The method begins by defining a Gaussian adaptive threshold of the image; in this way all
worms are identified but with many false-positives. Afterwards, all pixels marked as worms
are recalculated by interpolating from pixels not marked as worms; the procedure avoids
removing immobile worms as part of the background. The software design is highly robust
against false positives and indeed allows a definition of the number of worms that is very
close to the number present on the plates (as obtained by manual counting) (Fig. S3a).

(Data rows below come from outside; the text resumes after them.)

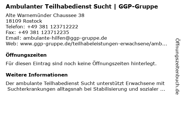 | Ambulanter Teilhabedienst Sucht | GGP-Gruppe anrufen | |
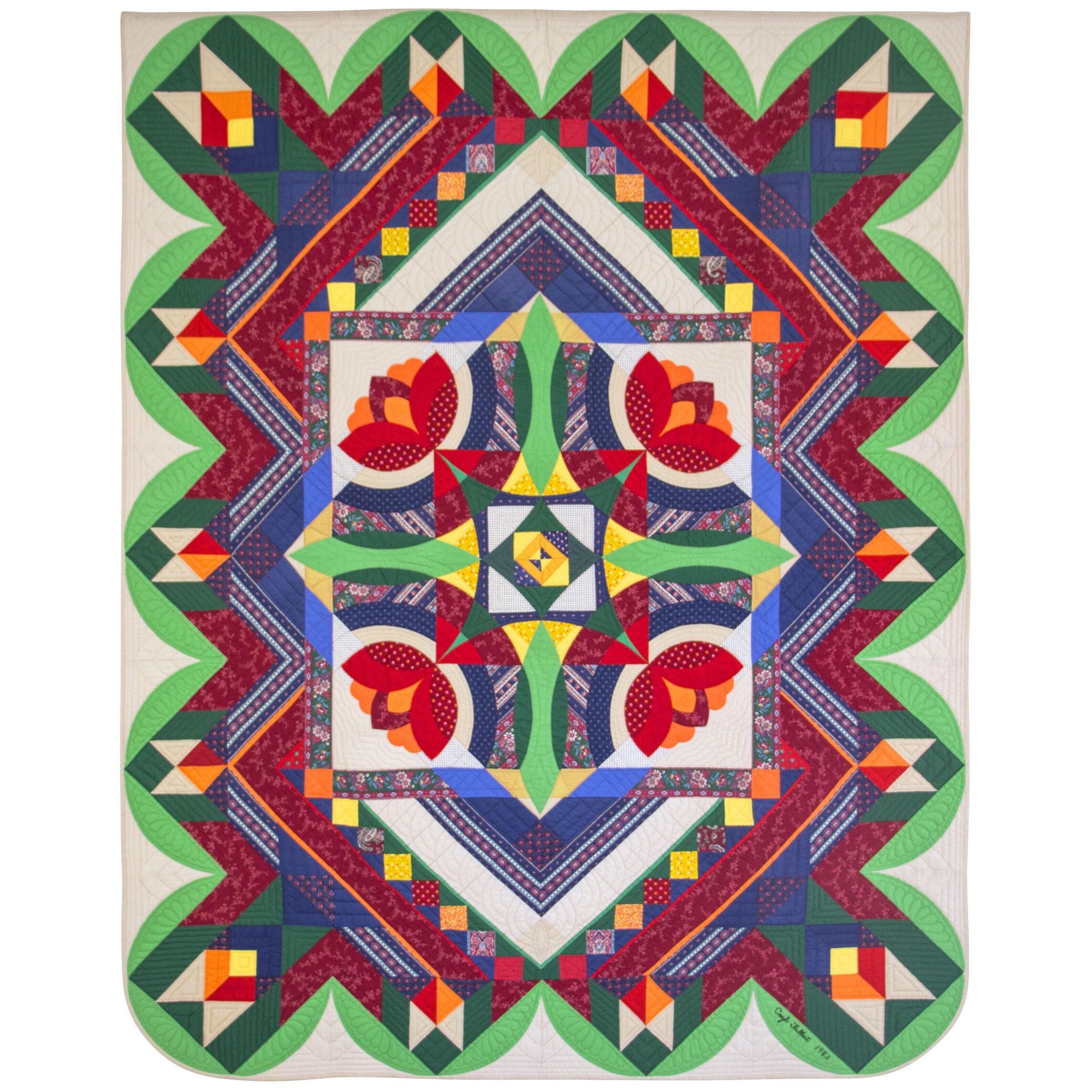 "The design for the center of this quilt was inspired by looking through a kaleidoscope. I wanted it to be somewhat floral, so I designed abstract poppies for each corner of the central panel."
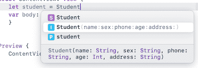 此外,当我们在 Xcode 中输入 `Student(…)` 时,也能看到系统给出的参数提示。
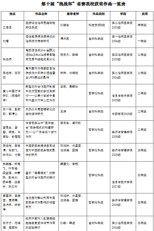 5月22日至23日,第十届"挑战杯"广东大学生课外学术科技作品竞赛终审决赛在南方医科大学隆重举行。beat365党委陈英华副书记带领beat365选手参加了比赛,最后获得特等奖1项,一等奖1项,二等奖5项,三等奖15项,并获得省赛优胜杯(学校集体奖)。
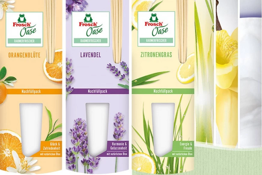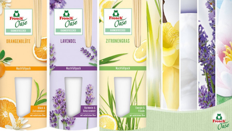 Osveživači prostorije Frosch Oase sa mirison lavande, pomorandže i limuna, zasnovani su na znanju i osiguravaju osećaj lakoće, dobrog raspoloženja u vašem domu.
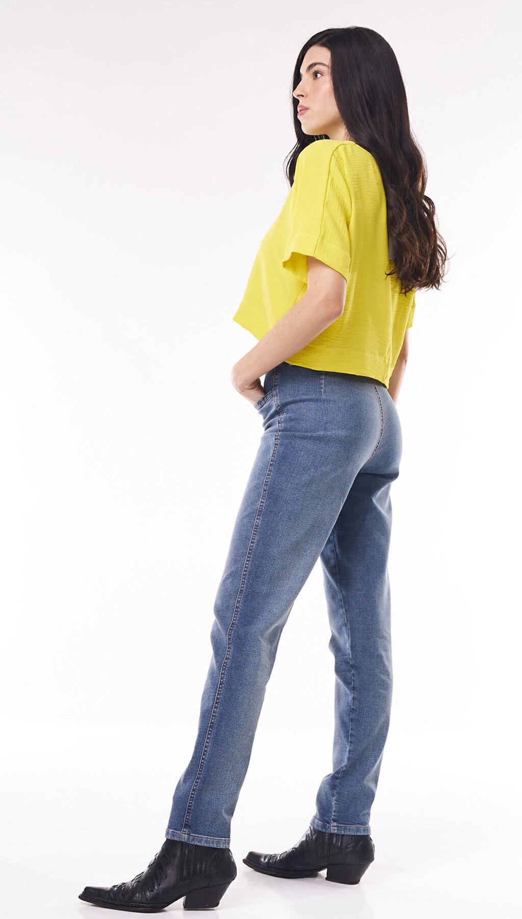 El Jean Wide High Waist de UTZZIA redefine el estilo denim con una silueta bien alta y moderna. Su diseño presenta botamanga más ajustada, costura frontal en forma de “V” que estiliza la figura y un toque distintivo: cintura sin bolsillos traseros y botón metálico con forma de flor. Confeccionado en denim con lavado super stone wash, es ideal para un look urbano con personalidad.

Morphological operations are then employed in our software to remove speckles and to close
holes that can appear in the images after thresholding (Van der Walt et al., 2014). These
operations can be easily modified by changing the ‘opening’ and ‘closing’ parameters in a
GUI. Subsequently, all regions of the thresholded image are labelled, at which time all objects
that are too small or too big to be a single animal are size excluded. In addition, modifications
of the ‘minimum size’ and ‘maximum size’ parameters allow the removal of background
particles and the selection of objects that are of sizes comparable to that of worms. This
procedure is highly customizable, easy to manipulate, and gives visual readouts to ensure
accurate and precise tracking of all worms prior to the analysis.
3
After this operation, the remaining labelled regions are identified as individual worms and the
positions of those regions are then stored for each frame. These regions are linked across the
frames by mean of a standard tracking algorithm (Allan et al., 2014), which takes into account
a worm ‘disappearing’ or overlapping in a few frames; this issue can be controlled using the
parameter ‘memory’. This parameter brings an additional edge on our tracking procedure and
a further aid to minimising the ‘collision’ problem; this works in combination and in addition
to the use of our wide-surface screening procedure that reduces the chance of the above-
mentioned events (Supplementary Video 1 and Fig. S3b). This issue cannot readily be
addressed by more conventional algorithms that discard the worms tracks during collisions
events, or require a much higher image quality, the attainment of which results in lower
throughput and larger video files.
In order to design the experiments better, we also estimated the chances of collisions as:
𝑝 = [𝑤] × (!)!
! Eq. S1
Where [p] is the average number of collisions in a random frame, [w] is the effective worm
area, [A] is the disk area, [N] is the number of worms.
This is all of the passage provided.